A new white paper provides evidence that "the rising values of fringe benefits, such as health insurance, may have offset potential wage gains for middle-income workers" despite falling unemployment. The authors, Jeff Larrimore of the Federal Reserve and David Splinter of the congressional Joint Committee on Taxation, contend that when factoring in the cost of health coverage, "total compensation may be higher than previously believed, also implying that employer-sponsored health insurance benefits may represent a larger share of employee compensation."

Economics columnist Robert J. Samuelson wrote in the Washington Post:

    The problem is plain: We'd all like both cheaper health insurance and higher wages, but the way the health-care system is operating today, we might get neither. As insurance premiums get more expensive, inflation-adjusted ("real") wages will continue to stagnate or decline.
https://www.shrm.org/resourcesandtools/hr-topics/compensatio...


Two reasons:

1. Every idiotic meme about how goods X, Y, and Z have more than doubled in price while [real] wages haven't. I'm torn between thinking the meme creators are completely clueless or epic trolls.

2. There is a substantial linkage between nominal wages and nominal inflation, especially for limited, competitively bid goods (like housing).

Looking at median house prices https://fred.stlouisfed.org/series/CSUSHPINSA , it looks like they went up slightly more than median wages (2.85x vs 2.5x in 30 years), which I think is likely more than explained by today's lower than historical norms interest rates (increasing affordability). https://www.macrotrends.net/2604/30-year-fixed-mortgage-rate...

Mortgage rates over 10% in 1988 and under 5% today means that 1988 houses were less affordable on 1988 wages than 2018 houses are on 2018 wages.


Mortgage rates in the US have (AFAIK) usually a variable interest rate.

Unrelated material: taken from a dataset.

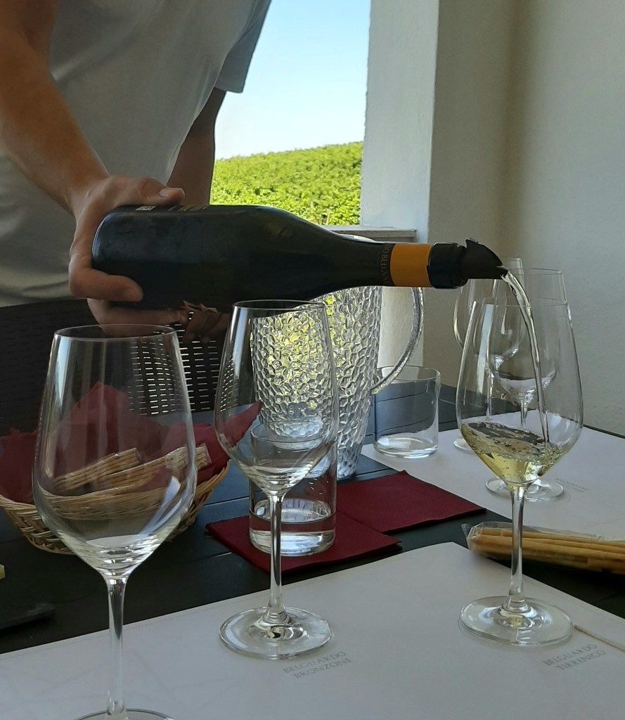 Maistoimme ensin viinitilan tuottamaa vermentinoa (Vermentino di Toscana IGT), joka ei ollut ollenkaan vermentinolle tyypilliseen tapaan kuiva tai katkera, sinänsä yksinkertainen viini, mutta hienostunut versio vermentinosta. Tämän lisäksi maistoimme Belguardon vermentinoa nimeltä Codice V, jonka koostui 20%:sti viinirypäleistä, joiden käymisprosessi on tapahtunut saviruukussa, 30% viinin rypälemehusta on käynyt viinirypäleiden kuorten kanssa, ja 50% koostui viinirypälemehusta, joka syntyi perinteisessä valkoviinin käymisprosessissa. Tämä oli ensimmäinen kerta, kun kuulin vastaavasta blendistä eli sekoituksesta, ja viini olikin erityisen monivivahteinen ja mineraalinen. Maistoimme myös roseviiniä mutta se ei tehnyt suurta vaikutusta. Tämän jälkeen maistoimme kahta punaviiniä. Toinen oli nimeltään Tirrenico, ja se oli sekoitus Cabernet Sauvignonia 65%, Alicantea 20%, Cabernet Franca 10%, Petit Verdota 5% ja kiitos Cabernet Francin viinin tuoksu oli vivahteikas sisältäen mustaherukkaa, yrttejä, suklaata ja paljon muuta. Vaikka tuoksu antoi olettaa, että viini olisi raskas, se oli kuitenkin yllättävän raikas ja mineraalinen, tanniinit olivat hienon hienoja ja viini sopisi vaikka mausteisen aterian kanssa nautittavaksi. Toinen punaviini, nimeltään Bronzone oli tyypillinen Morellino di Scansano viini DOCG sisältäen 100%.sti Sangiovese viinirypälettä, ja viini jätti teräksisen tanniinien maun suuhun. Bronzone olikin klassillinen viini kunnon pihvin seuraksi. Maistoimme myös Belquardon valmistamaa oliiviöljyä, johon rakastuin kenties kaikkein eniten.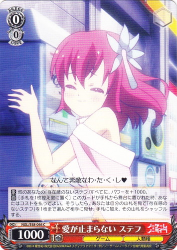 ![]() ![]() | NGL/S58-066 愛が止まらない ステフ キャラ ブースターパック ノーゲーム・ノーライフ C 色:赤 レベル:0 コスト:0 パワー:1000 ソウル:1 特徴:ゲーム/人類種 【永】他のあなたの「存在感のないステフ」すべてに、パワーを+1000。 【自】[手札を1枚控え室に置く]このカードが手札から舞台に置かれた時、あなたはコストを払ってよい。そうしたら、あなたは自分の山札を見て「存在感のないステフ」を1枚まで選んで相手に見せ、手札に加え、その山札をシャッフルする。 なんて素敵なわ・た・く・し♥ 作品名:ノーゲーム・ノーライフ |

That means that it's sufficient for the lower income tiers (relative to the house value) to have a few months of high interest rates (in a time frame of 15-25 years) in order to lose the house.

Buying at the current rates is risky, while the risk of rising rates in 1988 was much lower. Factoring that in should change your conclusion.


As of 2017, 90% of mortgages in the U.S. were 30-year fixed. 6% were 15-year fixed. Only 2% were ARMs.

http://www.freddiemac.com/perspectives/sean_becketti/2017041...

People got burned bad by ARMs in the housing crash of 2009 and they still aren't willing to take the risk.


Thanks for bringing data into the discussion!

("Yes and") There's also very little rate benefit to adjustable mortgages right now, so it's quite sensible to take a fixed rate mortgage. When I bought my first house (in 1996), I recall that fixed rate mortgages were several points higher than adjustable rate mortgages during their fixed portion. In cases like that, it made for an actual decision.

With both fixed rates and ARMs having roughly the same initial rates, there's little reason to choose adjustable.


It increased a thousand fold in Venezuela and Zimbabwe - I'm guessing here but it should get the point across


I am quite convinced it would be possible to build a pleasantly-looking development of $25,000 sale-value housing at 50 or 70 miles away from the urbanized area and connect it with a fast transit rail to the main urbanization. Empty land should be cheap. Buyers should be plentiful. The reason why this does not happen, is because the bureaucracy prevents it. There seems to be a strong political necessity to make accommodation unaffordable. It is a deliberate policy, of which homelessness is just an unimportant byproduct. It is your risk and fear of becoming homeless that keeps the system afloat. These dangers enslave you to your employer and to the banksters. Be a good slave!


You describe the history of American suburban sprawl, ignored the fact that it's wholly unsistainable (as documented in may articles posted here, suburbs go bankrupt in 50-100 years when the maintenance bills and bond payments come due, unless they can force cities to subsidize them), and ignored the fact that is already exists all over the nation.


$25,000 can EASILY be spent, and triple that, just on getting well water, septic and electrical services to a rural property. I could buy 20 acres in Okanogan county WA right now for $18,000 but it'll be at the end of a dirt road, with no sewer, no water, and looking at $30k to extend grid electrical to it (or build a $20k off-grid photovoltaic system).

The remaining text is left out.